Ich schmunzelte über meinen besten Freund und machte mich dann auf den Weg zur Kasse.

"Guten Tag. Ich würde das hier gerne zurückgeben", sagte ich und reichte der Kassiererin die Coldplay-CD.

Die Kassiererin nahm die CD und tippte auf der Kasse herum. "Das wäre auch eine Geschenkidee für meinen Bruder. Er liebt diese Band. Aber ich kann mir gut vorstellen, dass seine Freundin Lilian ihm die schon schenkt."

Verdutzt sah ich sie an. Erstens, weil sie mir das einfach so erzählte und zweitens, weil es genau auf Tom zutraf.

"Heißt dein Bruder zufälligerweise Tom und arbeitet auf einem Weihnachtsmarkt?", fragte ich vorsichtig.

"Ja, wieso?" Misstrauisch sah sie mich an. Ich tippte darauf, dass sie seine jüngere Schwester und das hier ein Aushilfsjob war.

"Nur so. Ich kenne einen Tom, auf den das alles zutrifft", sagte ich.

"Dann bist du bestimmt Hanna! Tom hat mir schon von dir erzählt", sagte sie. "Ich bin übrigens Anna. Wir sind uns, glaube ich, noch nicht begegnet. Liegt wahrscheinlich daran, dass ich so gut wie nie Zuhause bin."

Ich schüttelte ihre ausgestreckte Hand. "Ja, ich bin Hanna." Ich war überrascht, wie offen Anna war, doch wenn ich an Tom dachte, sollte es mich eigentlich nicht überraschen. Er war doch genauso.

"Vielleicht sehen wir uns ja, wenn du das nächste Mal vorbei kommst", sagte Anna. Ihre Augenfarbe war exakt dieselbe wie Toms und ich tat mich schwer, ihr in die Augen zu sehen.

"Bestimmt", antwortete ich, obwohl es kein nächstes Mal geben würde. Sie reichte mir mein Geld und ich nahm es entgegen.

"Die muss ich alle unbedingt haben", sagte Niko, der sich neben mich gestellt hatte. In seinen Händen trug er einen riesigen Stapel CDs und Schallplatten. Er legte alles ab und machte sich erneut auf den Weg zu den Regalen.
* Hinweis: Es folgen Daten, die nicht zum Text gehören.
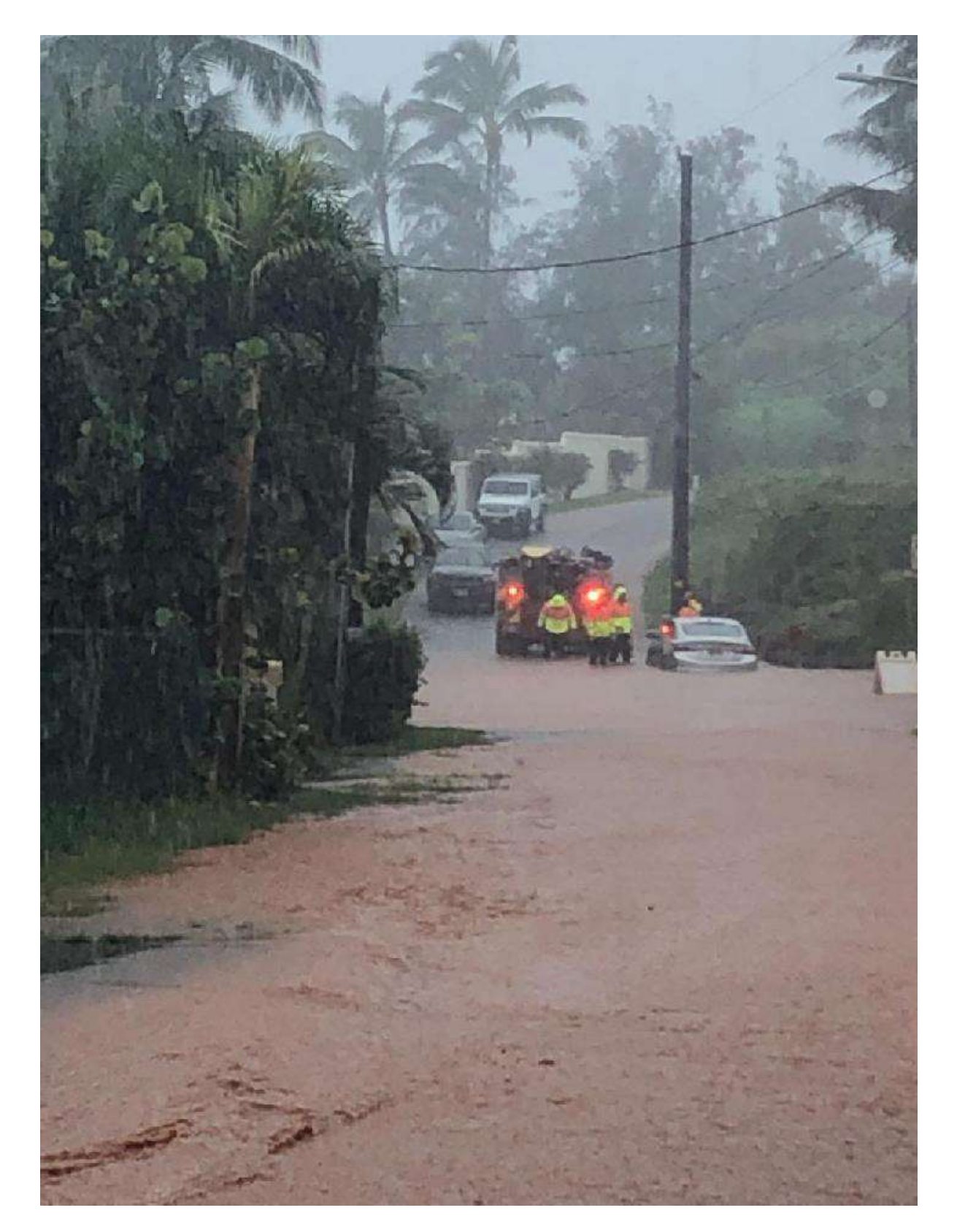
Photo caption: On Thursday, first responders rescue two individuals from a car on Lāwa'i Road near the National Tropical Botanical Gardens.
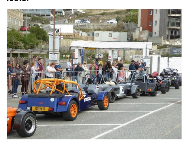
Cars waiting in the bottom paddock at Watergate Bay, 2018

Starting on the weekend of 31<sup>st</sup> August/1<sup>st</sup> September with the 'Cornwall Motorfest', there will be a full calendar of events throughout the month aimed at encouraging participation at all levels. These will include marshal training workshops, rally co-driver training, a classic tour and auto tests.
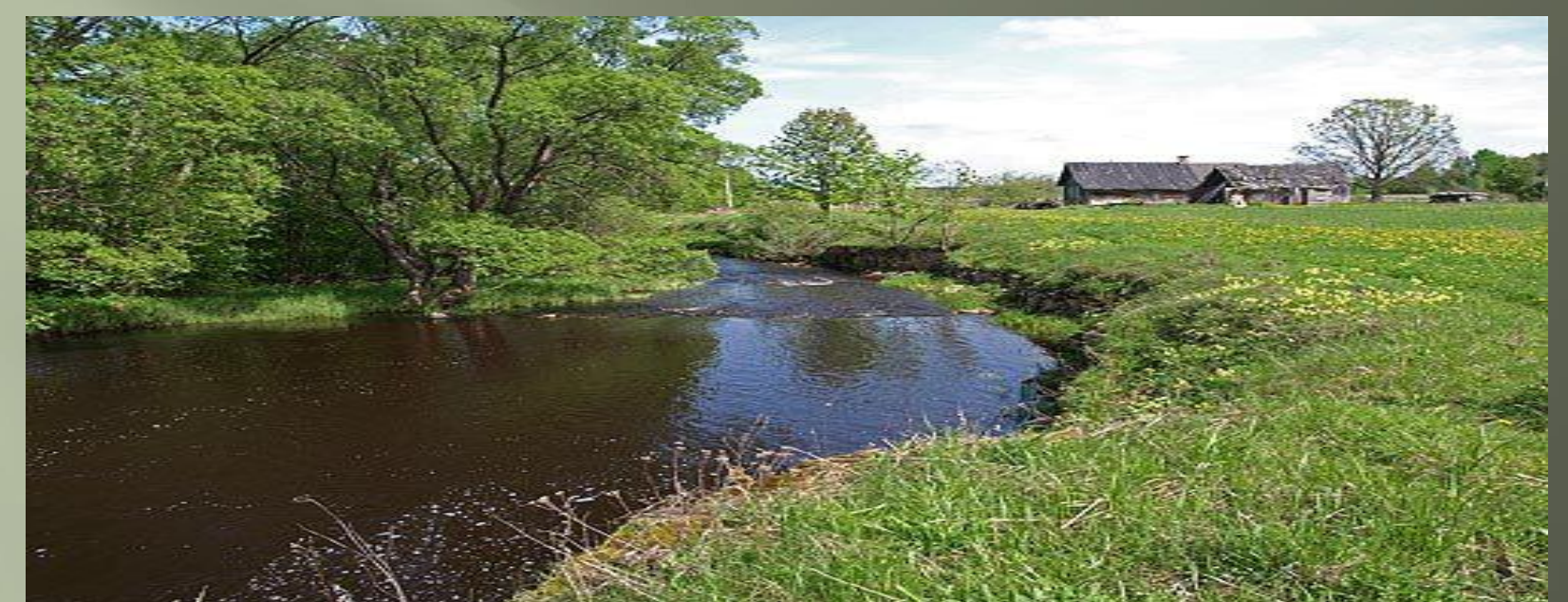
The summer months are:
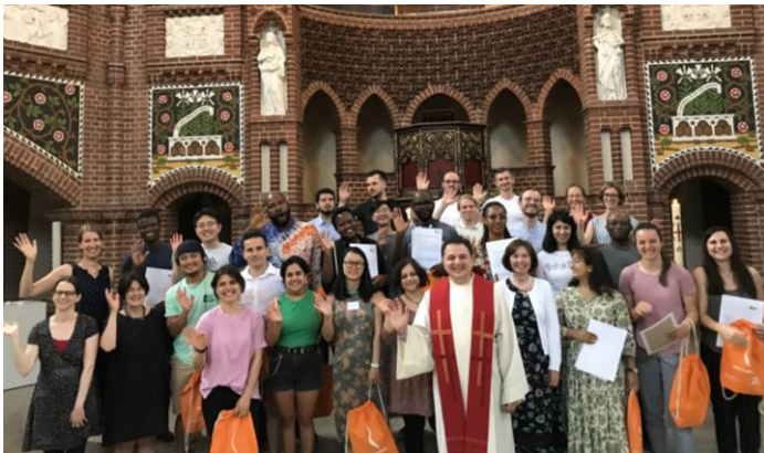
Farewell at the Evaluation and (RE)Integration seminar 2023

The seminar is compulsory for scholarship holders whose funding ends in 2024. The focus will be on reflection on the study or scholarship period, career prospects and preparation for returning home. Information on further funding opportunities will be provided. Some alumni will tell you what happened to them after their scholarship and give you their personal tips. We will also offer you a short career coaching/application training session and a workshop on resilience and mindfulness for challenging times. There will be a preview of alumni opportunities. The highlight will certainly be the festive church service with the presentation of the scholarship certificates, and an intercultural party in the evening.
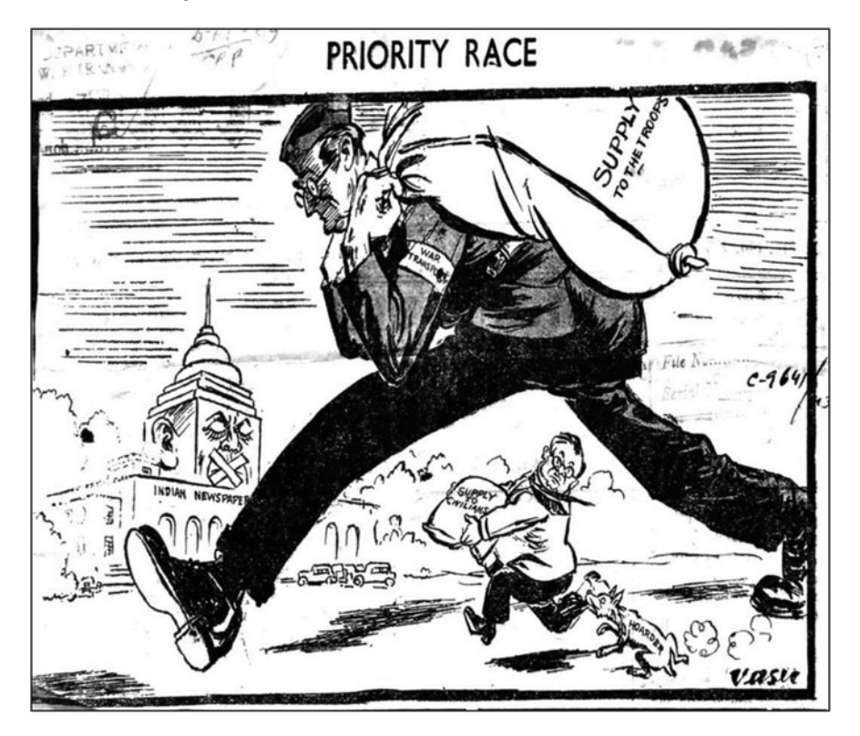
Figure 4. A contemporary newspaper cartoon depicting the discriminatory rationing practices of the colonial government.

Benthall Papers, Box no. 18, newspaper cuttings. Centre for South Asian Studies, Cambridge, UK.

"Dein Freund?", fragte Anna neugierig, während sie die Artikel einscannte.

"Nein, er ist mein bester Freund", antwortete ich.

"Oh. Na ja, was nicht ist, kann ja noch werden", sagte sie.

Darauf antwortete ich nicht. Ich hatte nur freundschaftliche Gefühle für Niko. Und er und Janine waren einfach Zucker.

"Ich weiß von dir und Tom", sagte Anna plötzlich leise. Ich sah auf, doch sie sah mich nicht an, sondern konzentrierte sich auf die Kasse.

"Oh", sagte ich, da ich nicht wusste, wie ich reagieren sollte.

"Er hat meiner Schwester Lisa von euch erzählt und ich habe gelauscht." Schuldbewusst sah Anna mich kurz an. Dann senkte sie ihren Blick wieder. "Er sagte, er wolle gar nicht mehr mit Lilian zusammen sein, sondern mit dir, Hanna."

Ich spürte einen Kloß im Hals, doch ich schaffte es nicht, ihn herunterzuschlucken.

"Weißt du, ich mochte Lilian noch nie so richtig. Aber du bist mir sofort sympathisch gewesen. Du passt viel besser zu ihm. Er liebt dich", sagte Anna und diesmal sah sie mich an. Ich sah ihr an, dass sie es ernst meinte.

Ich war froh, dass Niko in diesem Augenblick an die Kasse trat, um zu bezahlen, sonst hätte ich angefangen zu heulen. Anna wechselte wieder ins Geschäftliche und ich schwor mir, dass dieses Gespräch unter uns bleiben würde.

"Was ist denn los mit dir?", fragte Niko besorgt, als wir kurz darauf einen Kakao tranken. Ich war sehr abwesend und hörte ihm kaum zu.

"Ich fühle mich nicht so gut. Mir ist ein bisschen schwindelig", log ich.

Ich fühlte mich schuldig, Niko anzulügen, doch ich wollte irgendwie nicht, dass er von dem Gespräch wusste. Das war etwas, das ich für mich behalten wollte.